Monday, November 06, 2006

So today was a bad day. I am telling you, Mondays are BAD for me. I hate the fact that Aaron is off on Monday's instead of Saturdays. When he worked Mon- Fri we would go out on Saturdays during the day. It was nice. Now that he works Tue- Sat I am off by myself and usually spend my day cleaning or shopping (which I have stopped since I was spending too much $$ so now its just cleaning). Well when he is off, he goes fishing with some friends, or goes to breakfast with another friend or goes to the movies by himself. I guess I wish we could be off together so we could do stuff again. Granted, we do have a date night which are Monday nights. But usually my date consists of going out to stuff my face and sometimes a movie. I get BORED really quick.

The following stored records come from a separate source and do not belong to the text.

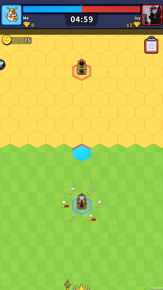 六角力量的游戏地图由六边形格子构成,玩家可以通过点击主塔周围的六边形格子来进行战略部署。每当玩家选择使用某个格子时,都会随机召唤出独特的猫塔,这一机制增添了游戏的不可预测性和趣味性。每次对战都可能因为召唤不同的猫塔而导致局势瞬息万变,让玩家必须时刻保持警惕,灵活调整战术。
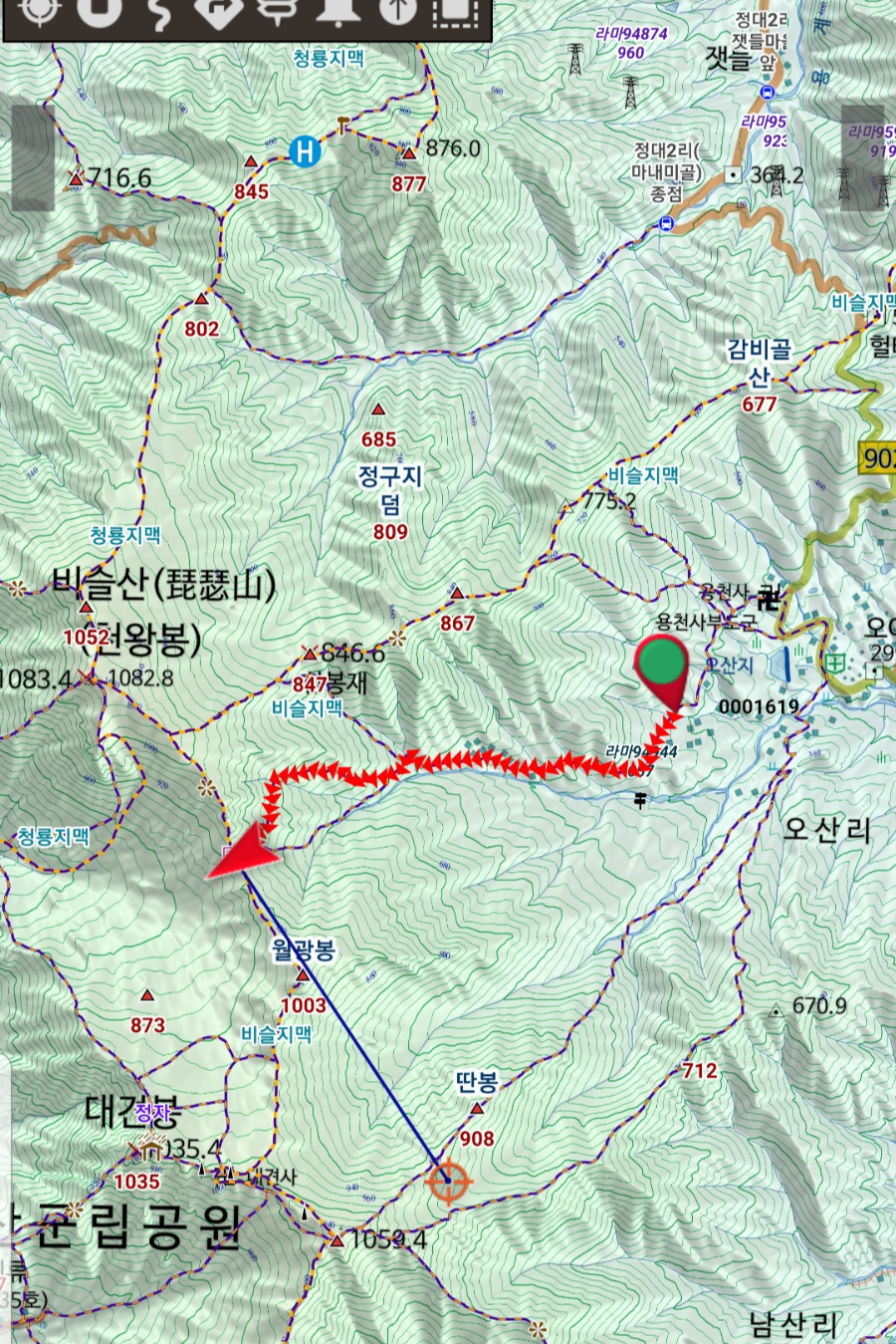 비슬산 주능선 마령재 - 월광봉 - 청도자연 휴양림하산 -도로 - 토담마을 입구
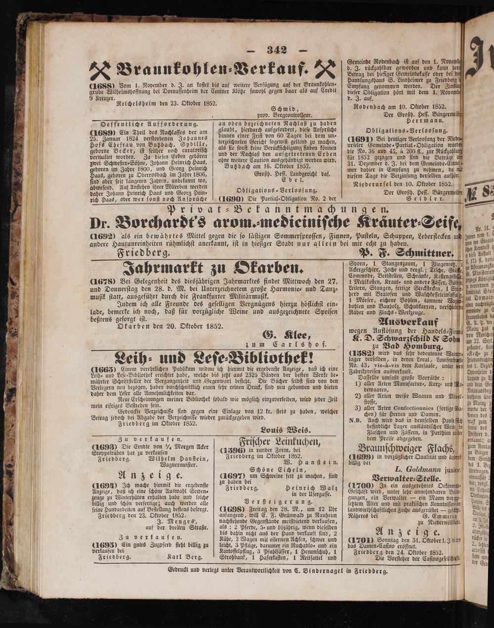 Friedberg den 23. Oktober 1852. J. Menges, auf der breiten Straße.
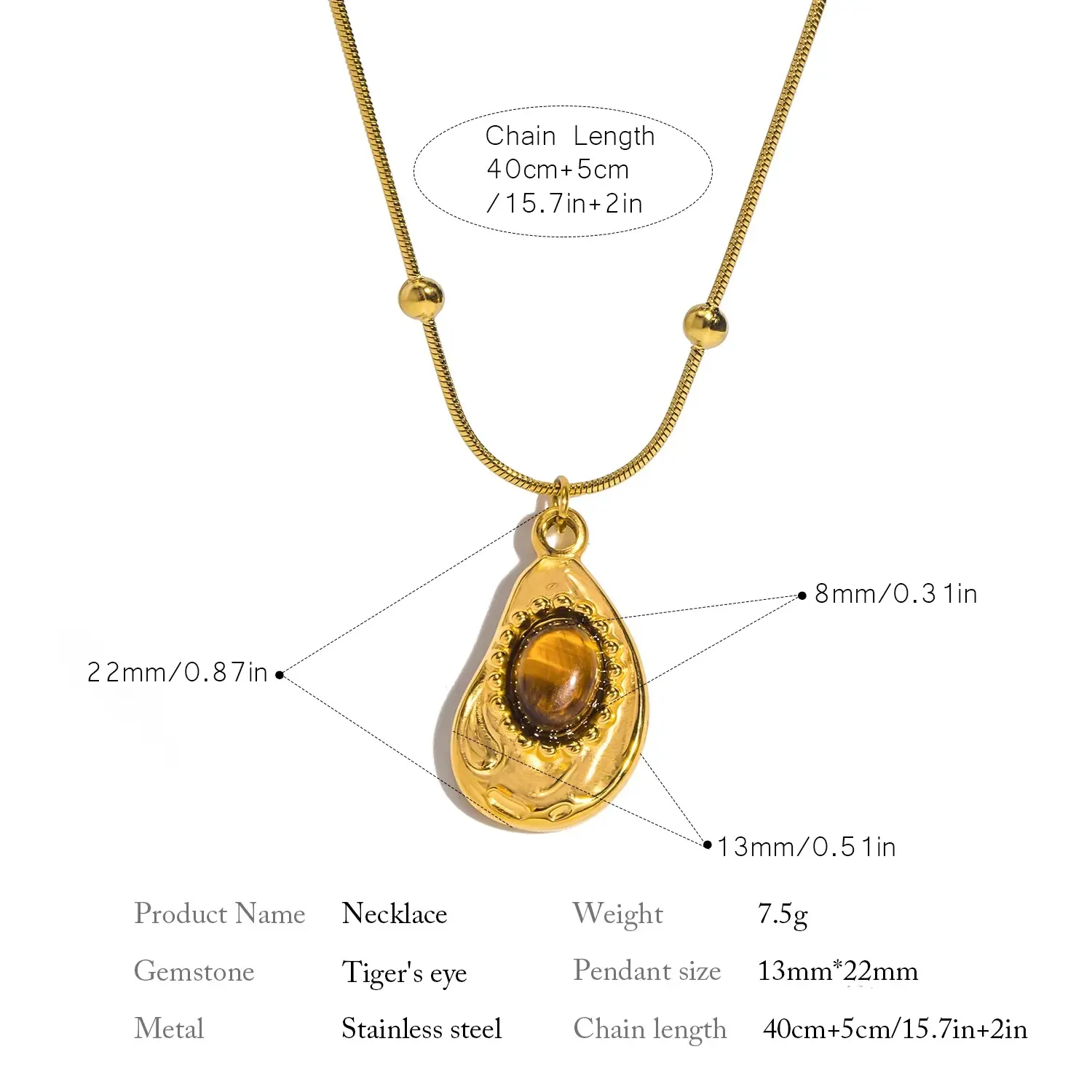 চীনের আধুনিক প্রযুক্তিতে তৈরি এই Tiger’s Eye Waterdrop Necklace আপনার লুকে যোগ করবে এক অদ্বিতীয় জ্বলজ্বল স্টাইল।

But anyway, I am just having a grumpy depressing day. I was crying during lunch. I hate this process. I hate how I feel. I hate feeling so nervous. I hate being scared of what is coming. I am just tired and wish I was pregnant to get this all over. Psh...and even when I am PG I will be nervous that I will miscarry or that something is wrong with the baby. It never ends.
Then the stupid Lupron gives me headaches every single day. I am NOT exaggerating. I am also STILL on my period. It the witch is heavy! I am on day 5 and its still heavy as heck and I am still cramping. Soo I am menopausal (thanks to Lupron) and ragging. What a great combination.
Soo back to Aaron. I think I get set off on any little thing and so I need to blame somebody and he is there. I decided to write him a letter today of how I feel he is failing me and what I need from him right now but once I wrote it I started to cry because I realize he does ALL the things I wrote! He rubs my belly when I am cramping, he rubs my belly after the shots, he rubs my feet, he writes me little notes on our dry/erase board, he brings me flowers... Soo then what is it that I want? I don't even know. Its like I am feeling all these emotions but don't know how to express them or to explain myself. I am just a big ball of blah.
I am nervous of my upcoming appt on Wednesday. I hope and pray that everything is normal and I can go on in my cycle. Then I start my next shot on Thursday. But from what I hear the next shot is the hormone FSH which should "normal" my hormones out. Since right now I am in menopause, this next shot should balance me. I hope so!!!